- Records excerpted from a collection

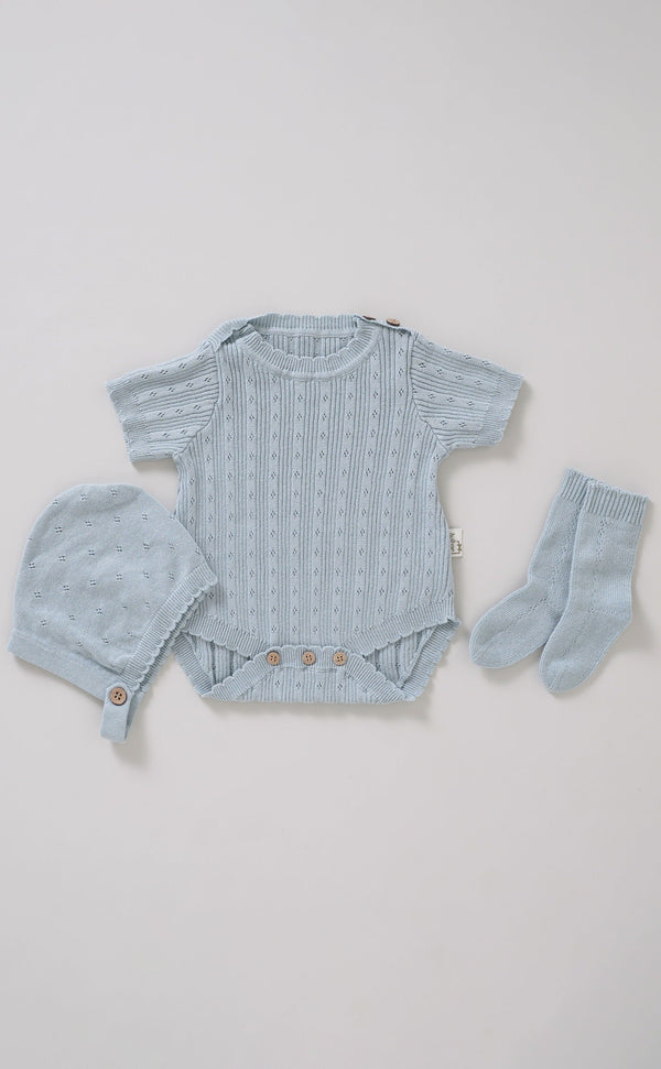 Avibae Luxary Cotton Patterned Openwork Romper 3-Piece Buddle Nestle Sky
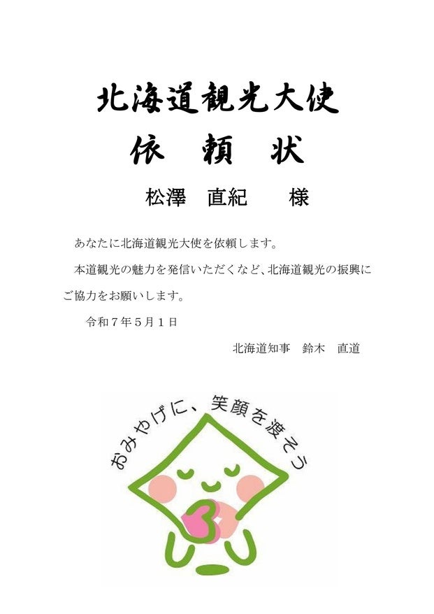 北海道知事が各分野で活躍する著名人や事業者、団体に委嘱し、観光イベントやメディア出演、SNS発信、講演活動などを通じて、北海道のブランド力向上や観光客誘致、地域活性化に貢献します。
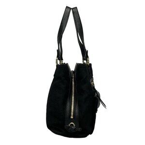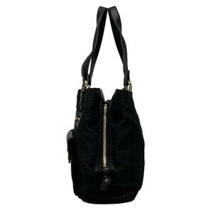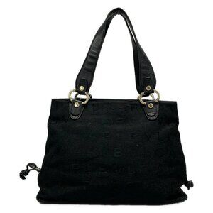 Auth BVLGARI Maxi Logo Beckey Black Jacquard Leather Handbag
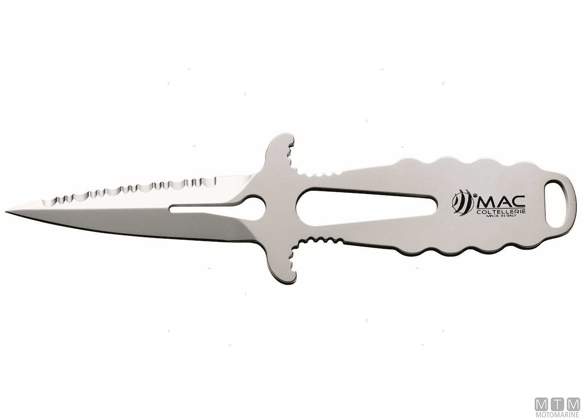 Coltello sub compatto con tagliacima e foro gira-grilli. Il manico in Acciaio Inox e lo spessore ridotto di soli 4 mm lo rendono un coltello perfetto per sub. Completo di fodero e cinghie. Lama in Acciaio Inossidabile W1.4116. Dopo l'uso sciacquare la lama con acqua dolce e ingrassarla.
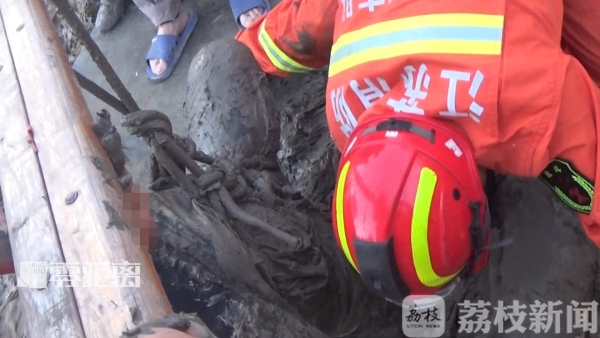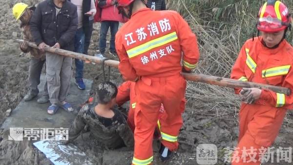 消防员重新给孩子绑上绳子,然后把一根木棍从绳子中间穿过,两边的人合力向上抬,但由于淤泥吸力太大,没能成功。消防员只好徒手扒开孩子身边的淤泥,然后在村民合力下,慢慢把男孩救了出来。
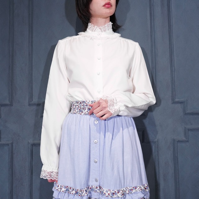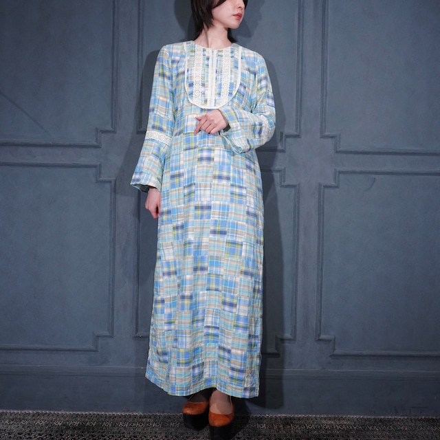 70's USA VINTAGE LACE DESIGN PATCHWORK COTTON DRESS ONE PIECE/70年代アメリカ古着レースデザインパッチワークコットンドレスワンピース
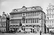 Brussels' Town Hall was erected in stages between 1401 and 1455 on the south side of the Grand Place, and made the square the seat of municipal power. To counter this, from 1504 to 1536, the Duke of Brabant ordered the construction of a large Flamboyant edifice across from the city hall as a symbol of ducal power.[4] It was built on the site of the first cloth and bread markets, which were no longer in use, and it became known as the King's House (Middle Dutch: 's Conincxhuys), although no king has ever lived there. It is currently known as the Maison du Roi ("King's House") in French, though in Dutch it continues to be called the Broodhuis ("Bread hall"), after the market whose place it took.
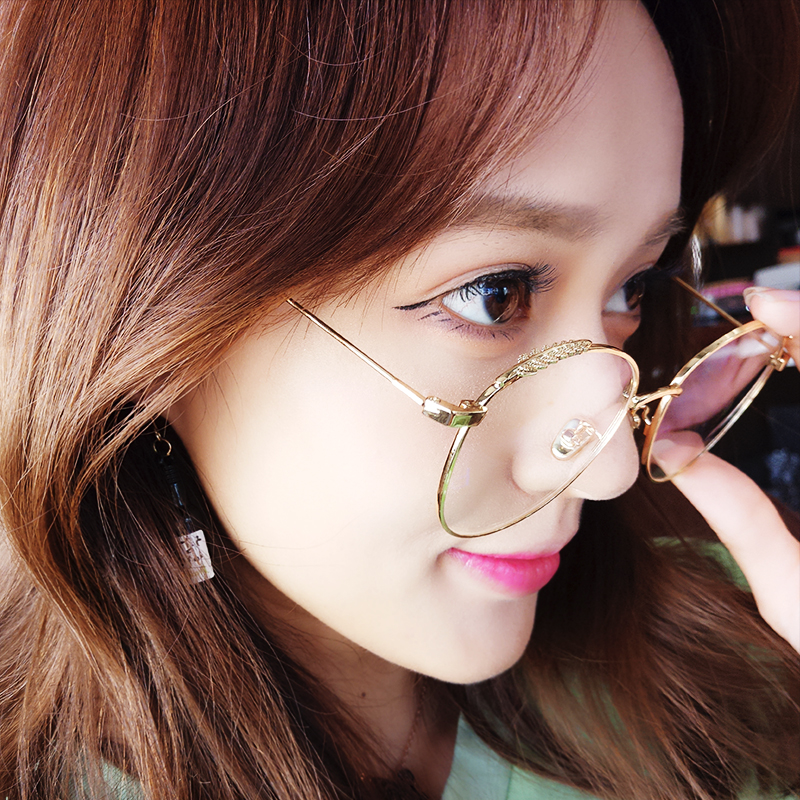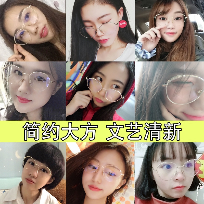 Retro Wheat Ears Trim Round Frame Radiation Protection Goggles Big Face Women Tide Nearsightedness Glasses Men's Flat Mirror Pearl Frames

- Instructions for the task
The entries need to be restated exactly, and their pictures left out.

- Your response
 Avibae Luxary Cotton Patterned Openwork Romper 3-Piece Buddle Nestle Sky
 北海道知事が各分野で活躍する著名人や事業者、団体に委嘱し、観光イベントやメディア出演、SNS発信、講演活動などを通じて、北海道のブランド力向上や観光客誘致、地域活性化に貢献します。
 Auth BVLGARI Maxi Logo Beckey Black Jacquard Leather Handbag
 Coltello sub compatto con tagliacima e foro gira-grilli. Il manico in Acciaio Inox e lo spessore ridotto di soli 4 mm lo rendono un coltello perfetto per sub. Completo di fodero e cinghie. Lama in Acciaio Inossidabile W1.4116. Dopo l'uso sciacquare la lama con acqua dolce e ingrassarla.
 消防员重新给孩子绑上绳子,然后把一根木棍从绳子中间穿过,两边的人合力向上抬,但由于淤泥吸力太大,没能成功。消防员只好徒手扒开孩子身边的淤泥,然后在村民合力下,慢慢把男孩救了出来。
 70's USA VINTAGE LACE DESIGN PATCHWORK COTTON DRESS ONE PIECE/70年代アメリカ古着レースデザインパッチワークコットンドレスワンピース
 Brussels' Town Hall was erected in stages between 1401 and 1455 on the south side of the Grand Place, and made the square the seat of municipal power. To counter this, from 1504 to 1536, the Duke of Brabant ordered the construction of a large Flamboyant edifice across from the city hall as a symbol of ducal power.[4] It was built on the site of the first cloth and bread markets, which were no longer in use, and it became known as the King's House (Middle Dutch: 's Conincxhuys), although no king has ever lived there. It is currently known as the Maison du Roi ("King's House") in French, though in Dutch it continues to be called the Broodhuis ("Bread hall"), after the market whose place it took.
 Retro Wheat Ears Trim Round Frame Radiation Protection Goggles Big Face Women Tide Nearsightedness Glasses Men's Flat Mirror Pearl Frames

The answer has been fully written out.